As variáveis variam menos que as constantes. Assim poderia concluir uma empresa de consultadoria ao analisar o tempo presente e a última década do Sporting.
As porcas que sobraram de um trabalho nunca se encaixam nos parafusos que também sobraram. Cada qual dará, no caso leonino, o nome às porcas e aos parafusos.
Se se está sentindo bem, não se preocupe. Isso passa. Tudo o que começa bem, termina mal. Tudo o que começa mal, termina pior. Exemplifique-se, quanto à primeira parte da regra, com a despedida de Peseiro e de Keizer e quanto à segunda parte, com a interinidade de Leonel Pontes.
Lembro-me, ainda de uma lacónica lei de Murphy por que todos já passámos quando compramos um electrodoméstico ou coisa semelhante: «Pilhas não incluídas». Um azar dos diabos, sejam elas alcalinas ou secas, ou de outra natureza desportiva.
Termino com duas considerações à Murphy, apesar de tudo esperançosas: a única forma de descobrir os limites do possível é ultrapassá-los em direcção ao impossível. Ou esta: Tudo é possível, apenas não muito provável.

2 - Vitória tangencial sobre um Vitória e empate conformado sobre outro Vitória, eis a semana futebolística do Benfica. É visível algum decréscimo de eficácia e de jogo esclarecido. Aliás, numa prova longa, qualquer campeão passa sempre por estas fases menos conseguidas, na esperança de que a seguir o ciclo seja ascendente. Daí a importância de valorizar as vitórias, quer em Moreira de Cónegos, quer contra os sadinos, bem como a consistência defensiva (nos sete jogos do campeonato, não sofreu golos em cinco). Esta longa paragem do campeonato pode, nesse sentido, ser proveitosa, quanto mais não seja para ter todo o plantel à disposição (com a excepção de Chiquinho) para o recomeço daqui a um mês! Até lá … dois jogos cruciais para a Champions.
No comando, continua um improvável Famalicão, que já leva mais 11 pontos do que o Sp. de Braga e - no momento em que escrevo, sem saber o resultado do SCP - com, no mínimo, mais 8 pontos do que os leões. Ainda sem derrotas e com o melhor ataque, a par do Benfica e do Porto. Também é de novidades destas que o nosso remediado campeonato necessita.

3 - Mais uma gala para atribuir prémios gold para os artistas da bola. Confesso que já são tantas que, nem como uma cábula, as consigo distinguir. As festarolas são cada vez mais passadas a papel químico umas das outras, ainda que, às vezes, haja uns intrusos que perturbam a normalidade da sociedade Ronaldo & Messi.
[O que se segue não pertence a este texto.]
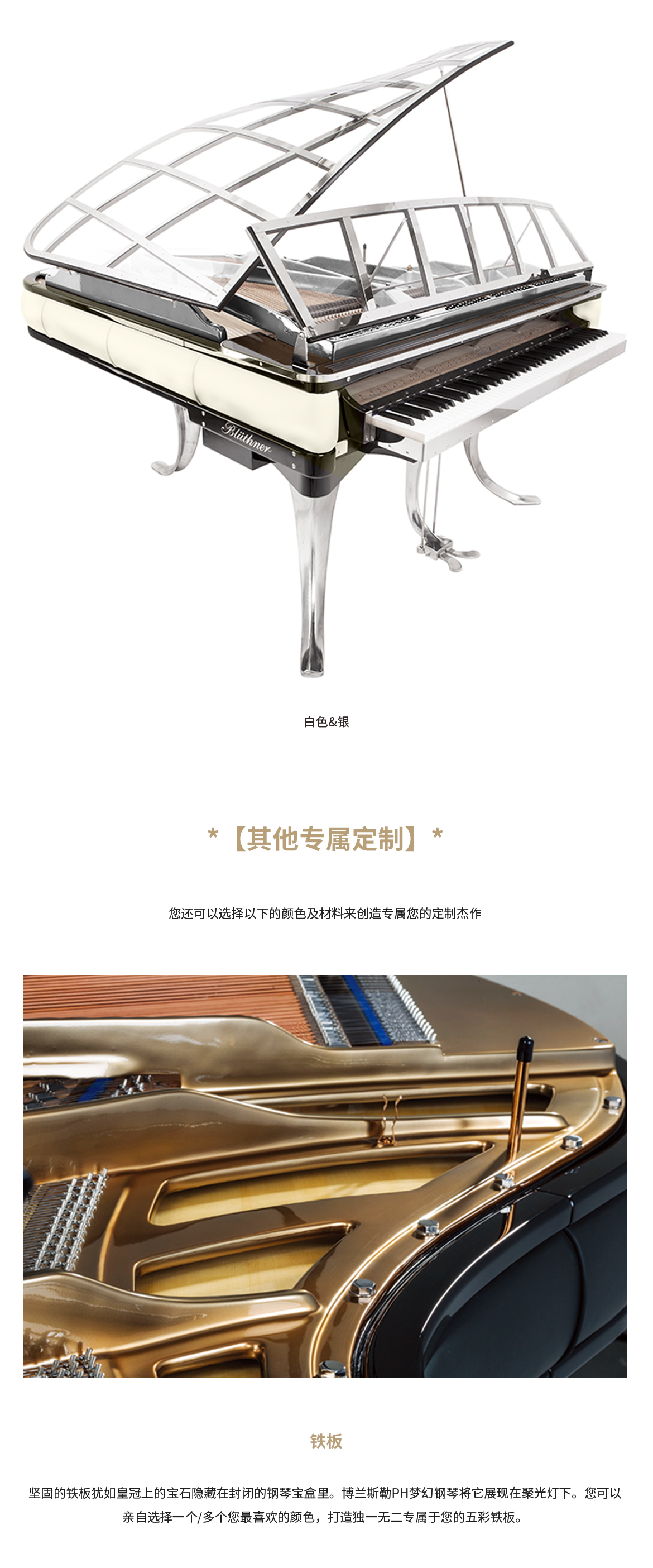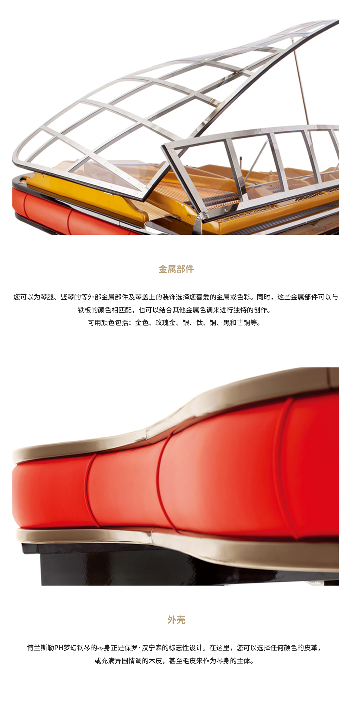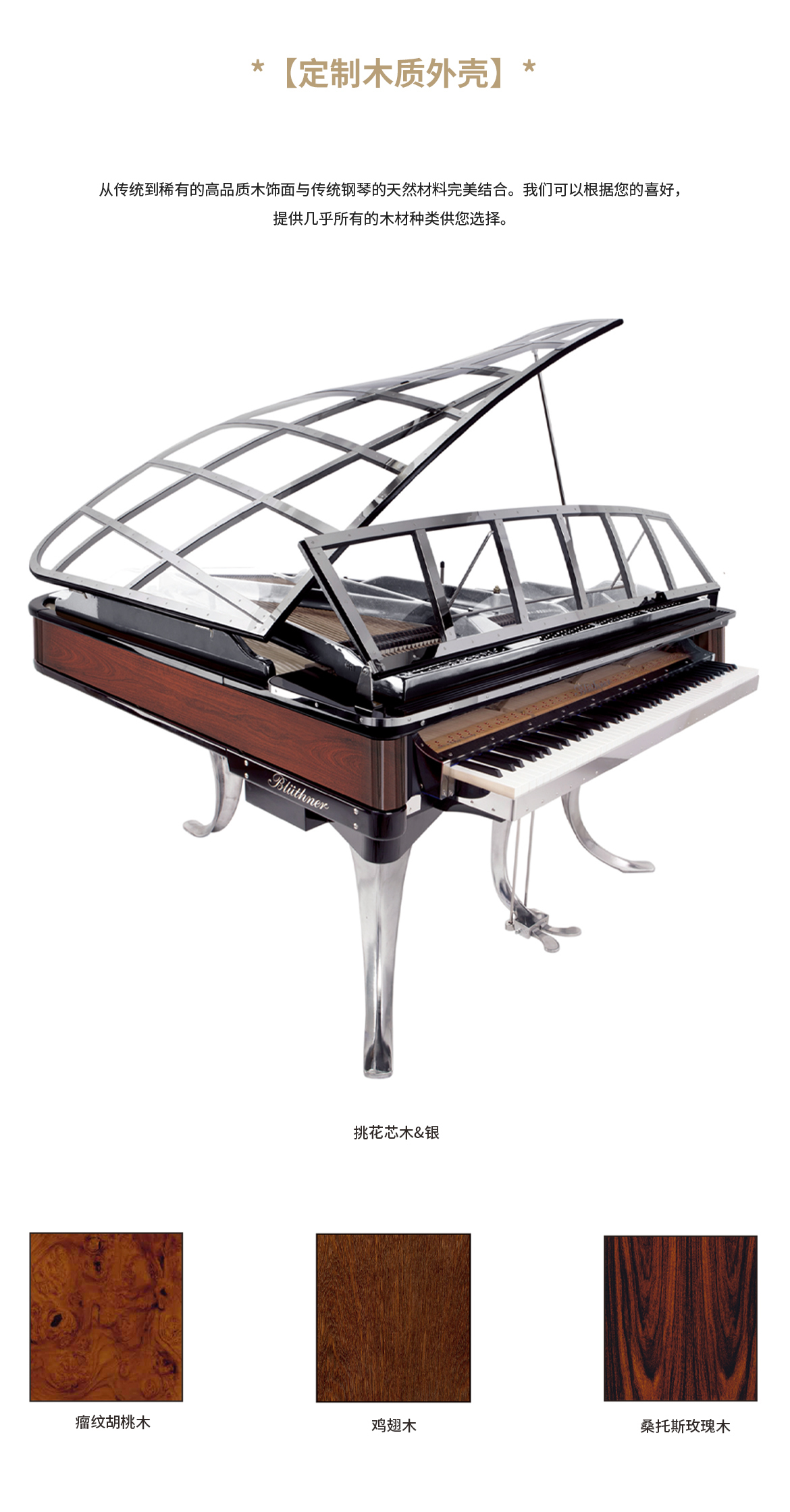 每臺(tái)鋼琴均接受定制,可根據(jù)您的品味或需求指定特殊飾面與個(gè)性化裝飾。從典雅的鑲木板材與手工雕刻鑲嵌工藝,到最具創(chuàng)新性的現(xiàn)代藝術(shù)造型,博蘭斯勒皆可助您實(shí)現(xiàn)美學(xué)構(gòu)想。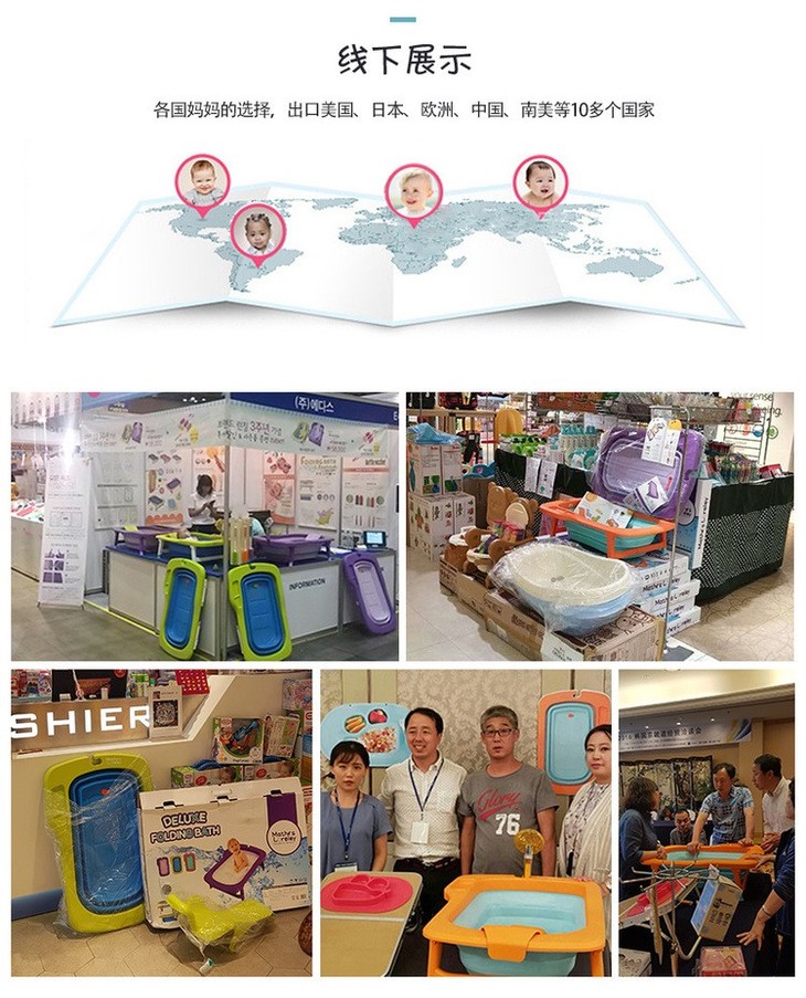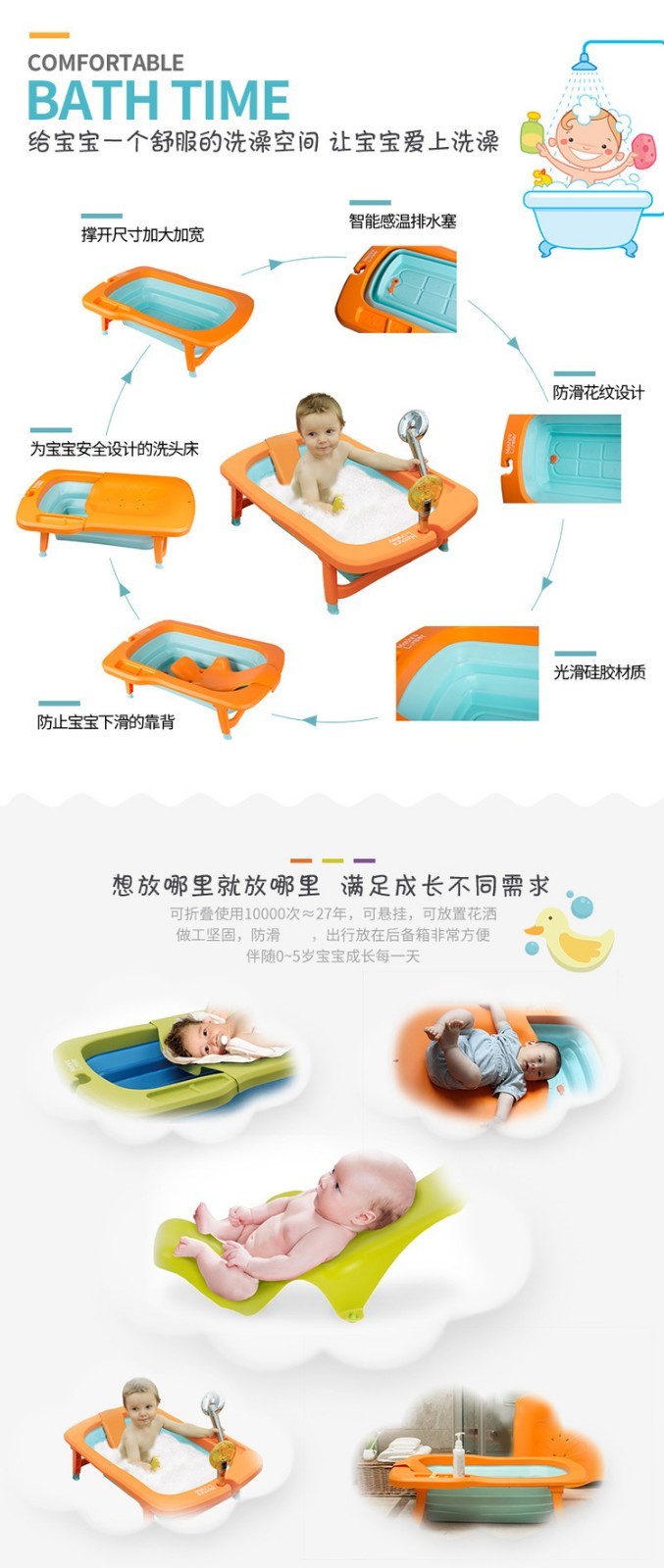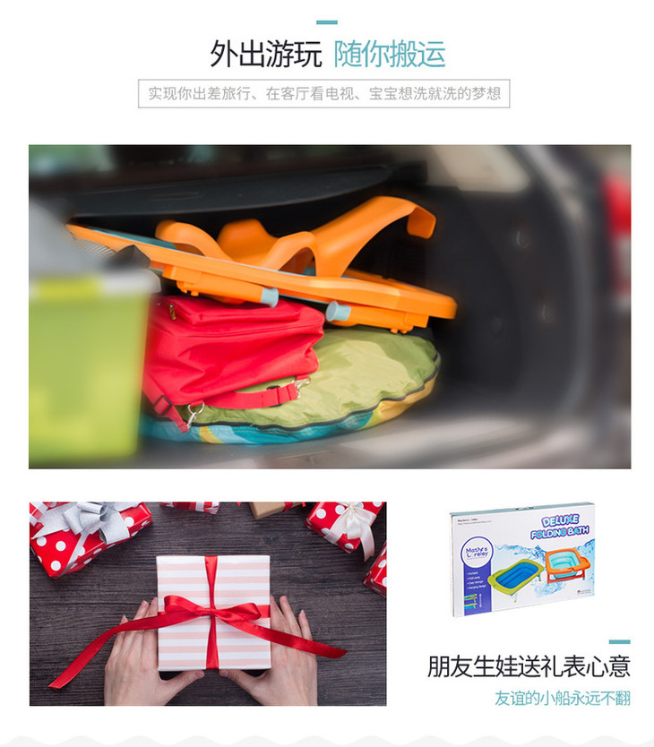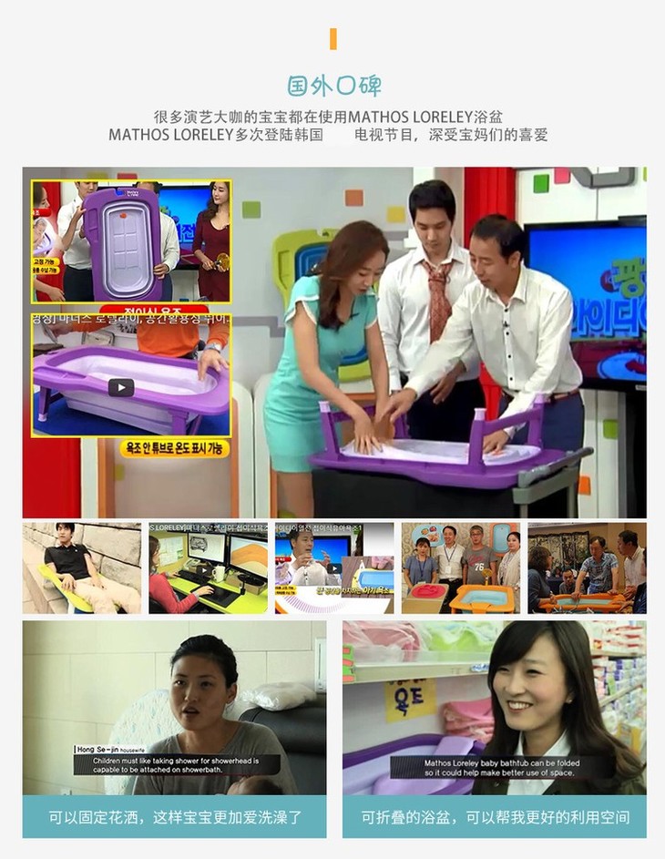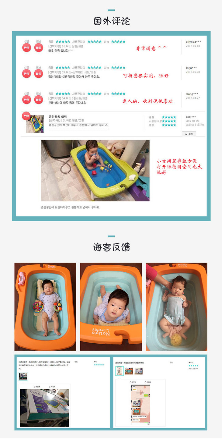 【一般贸易】韩国原产Mathos Loreley婴儿浴盆澡盆便携感温可折叠浴盆 橙色 展开前:87.5*58*9cm,展开后:87.5*58*23cm

No ano passado, Modric, este ano Virgil van Dijk. A coisa tem sido de tal forma que se tornou quase patologicamente chauvinista. Uns pelo Ronaldo, outros pelo Messi, outros ainda por nenhum deles. Na última gala, Messi ganhou e Ronaldo escafedeu-se, embora, em Turim, estivesse bem perto do mítico Lo Scala de Milão. Ganhar é saboroso, mas não ganhar também pode ser honroso. Confesso, ainda, a discordância quanto à contabilidade que se releva para comparar candidatos. Ter ganho mais títulos e troféus do que outros (este ano, com Messi, até não foi bem assim…). Quer isto dizer que um notável jogador numa equipa que não ganha troféus internacionais, ou que seja da selecção de País de Gales, Escócia ou Montenegro, por exemplo, jamais pode ousar sonhar com uma qualquer Bola de Ouro. Elegem-se individualidades em função de sociedades. E das duas, uma: ou se enaltece o football association e não há a corrida individual de egos, ou se premeiam jogadores, mas não se têm as conquistas do grupo como primeiro e decisivo critério.